Talk about potatoes and we’re talking about a succulent spread of mashed potato, fries, and all things that spell home and comfort. It is no wonder then that is high-carb root is as popular and loved as it is. Fortunately, there is more to potatoes than their taste. Potatoes are rich in vitamin B6 and a great source of potassium, copper, vitamin C, niacin, phosphorus, and dietary fiber. That’s not all; potatoes are also rich in pantothenic acid and pack a variety of phytonutrients that are antioxidant in nature. So, growing them in your garden is a must-try for everyone who wants to grow a green thumb.Â With a little skill, effort, and some key tips from us, you can, rest assured, harvest a big batch of home-grown potatoes from the soils of your garden.
Choosing Your Seeds
Expert gardeners who have enough experience in growing potatoes indoors recommend using seed potatoes that are specifically grown for the purpose of planting. These potatoes are known to have fewer risks to disease issues when compared to the non-seeded ones. What’s more, this variety is also specifically treated for organic and chemical-free farming. Your best bet is to try a batch of fingerling potatoes. Given their succulent taste and vibrant colors, they’ll add a burst of color and flavor to all your meals.
Sprouting the Spuds
As a thumb rule, it’s important to note that the more sprouts per potato section your plant has, the smaller the potatoes are likely to be at harvest. A good tip is to use tubers that have a maximum of two or three sprouts. If your tubers have more sprouts, you can cut them in half (sections) or pluck all but two or three of the sprouts. Once your tubers have the right number of sprouts, you must let them heal for about 10 days before you decide to plant them. Once planted correctly and in a dark and cool place, your tubers will grow into potatoes in quick time.
Choosing a Container for Your Potatoes
An empty bag of fertilizer- preferably big enough to carry 40 pounds of weight- is a great place to plant your potatoes in. Generally lined in black polystyrene, these bags can be rolled up and down as and when you want to add mulch and expose your plant to additional sun.
Alternatively, you can drill a few holes in the bottoms of a big, vertical bucket and use it as a container to house your potato saplings. It’s equally effective and is a popular choice for many gardeners.
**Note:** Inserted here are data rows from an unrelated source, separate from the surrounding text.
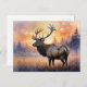 Cette peinture d'aquarelle sereine capture un wapiti majestueux debout gracieusement au lever du soleil, baigné de teintes dorées chaudes. Les coups de pinceau doux et l'atmosphère brumeuse créent une scène paisible d'inspiration nature, parfaite pour les amateurs de faune et d'art paysager.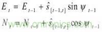 方程式2表述航位推算(DR)算法,該方法是基于步數(shù)計(jì)算,而不是加速度和角速率的積分運(yùn)算。方程式2的航位推算過程有三個(gè)要素:1)在t-1 (Et-1, Nt-1)時(shí)最后一次已知的用戶絕對(duì)位置(用東北坐標(biāo)系表示);2)從t-1到t()的步長(zhǎng);3)從時(shí)間t-1開始的航向 (ψ) 可以算出新位置相對(duì)已知位置(Et-1, Nt-1)的坐標(biāo)(Et, Nt),如方程式2所示。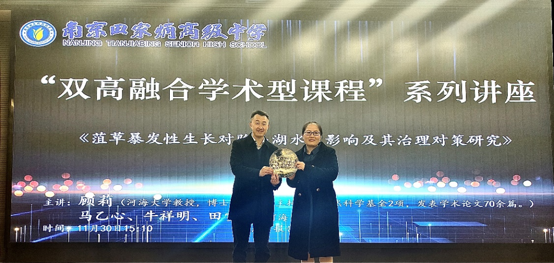 近日,为深入学习贯彻党的二十大关于“推动绿色发展,促进人与自然和谐共生”的会议精神,韩漫 环境科学系党支部前往南京市田家炳高中进行支部共建,开展科普讲座,实现高校与高中的“双高融合”。环科系支部书记顾莉教授围绕自身研究方向,以“菹草暴发性生长对骆马湖水质影响及治理对策研究”为主题向同学们分享。田家炳高级中学的近百名学生在导师带领下参与聆听学习。

Layering Your Soil as the Plant Grows
Consistently layering your soil with straw, mulch, and/or other growing media is the key to growing a promising yield. Remember that the tubers you harvest are part of the root system that wants to grow vertical and out of the seed tuber. Simply put, this means that your potatoes will continue to grow all the way up to the top most layer of your soil. Hence, it’s imperative that you pack and layer your soil with vital plant nutrients as and when your plant grows.
Harvesting Your Produce
Now for the most rewarding part. A potato that is ready to be harvested will begin to turn yellow in color. Once they turn yellow, harvest your potatoes, brush them gently, and let them sit under the sun for a few hours or so.Â Once dried, you can either enjoy your harvest right away or store them in a paper bag and tuck them into a cool and dark place.